Zubrzycki explains that existing legal tools are unlikely to resolve the interoperability trap. The federal regulatory exceptions to medical information sharing are permissive, rather than mandatory, and are narrowly framed such that they are unlikely to provide much protection. Nor will the HIPAA Privacy Rule or the Fourth Amendment resolve this quandary. The HIPAA Privacy Rule, as I have explained elsewhere, broadly authorizes law enforcement access to otherwise protected personal health information. Moreover, the Privacy Rule “expressly permits patient records to be shared whenever the sharing is for treatment purposes.” The Fourth Amendment is equally unavailing. “[E]ven at its remedial maximum, the Fourth Amendment requires only a warrant based on probable cause in order for law enforcement to obtain records.” That is, “even assuming that the Fourth Amendment protects medical records at all . . . law enforcement could still obtain those records with relative ease, as the probable-cause standard is not particularly burdensome” in investigating a suspected unlawful abortion.
But all is not lost! In addition to lucidly and incisively diagnosing the abortion interoperability trap, Zubrzycki also identifies legal and other mechanisms for addressing this problem. She argues that private providers and other stakeholders can take steps to better protect sensitive medical records under their control. Healthcare providers could, for instance, adopt more exacting patient informed consent requirements prior to disclosing an abortion, miscarriage, or stillbirth, so long as that requirement is not so onerous as to run afoul of the Information Blocking Rule. A more extreme, but perhaps more effective, response would involve reverting to paper records instead of electronic ones, as paper records are not covered by the Information Blocking Rule.
Better still, Zubrzycki identifies interventions that state and federal actors could take to better shield sensitive medical data—and her work here has already had an impact.

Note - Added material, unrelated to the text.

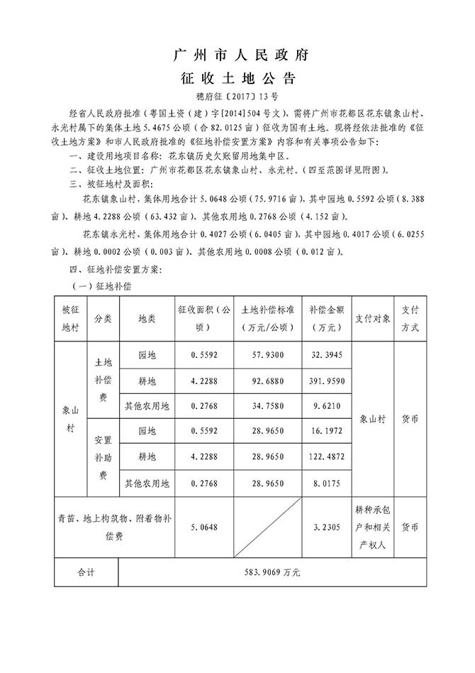 廣州市人民政府征收土地公告——穗府征〔2017〕13號(hào)
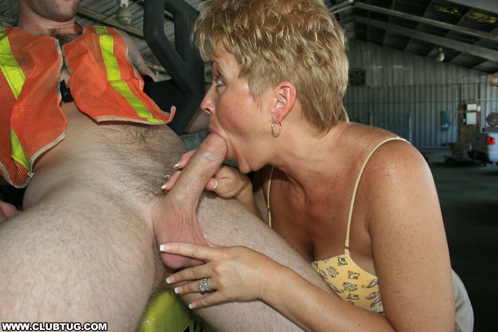 Horny milf Tracy notices a construction worker across the street. Since her husband left her, the perverted mom has been stroking off any dick in the neighborhood. WHen she runs over and coaxes the stud to whip it out. The mom begins to suck and slobber and jack him off when her mouth is drenched in jizz.

In March 2023, Maryland enacted legislation based in significant part on Zubrzycki’s recommendations for closing the abortion interoperability trap. In introducing the legislation, the sponsoring state senator expressly invoked Zubrzycki’s proposal that “[t]he most effective legislative approach for states may be to prohibit electronic-health-record vendors and health-information exchanges from facilitating the transfer of abortion-related data across state lines.” The U.S. Department of Health and Human Services has also proposed changes to the HIPAA Privacy Rule to better protect reproductive health care privacy that are consistent with Zubrzycki’s recommendations, though the notice of proposed rulemaking does not cite Zubrzycki directly.
Scholarship like Zubrzycki’s not only advances the scholarly conversation about data and health privacy; it also makes concrete and positive change in the real world. Particularly as states act ever more aggressively to regulate contested forms of care, such scholarship is an essential part of successful academic work.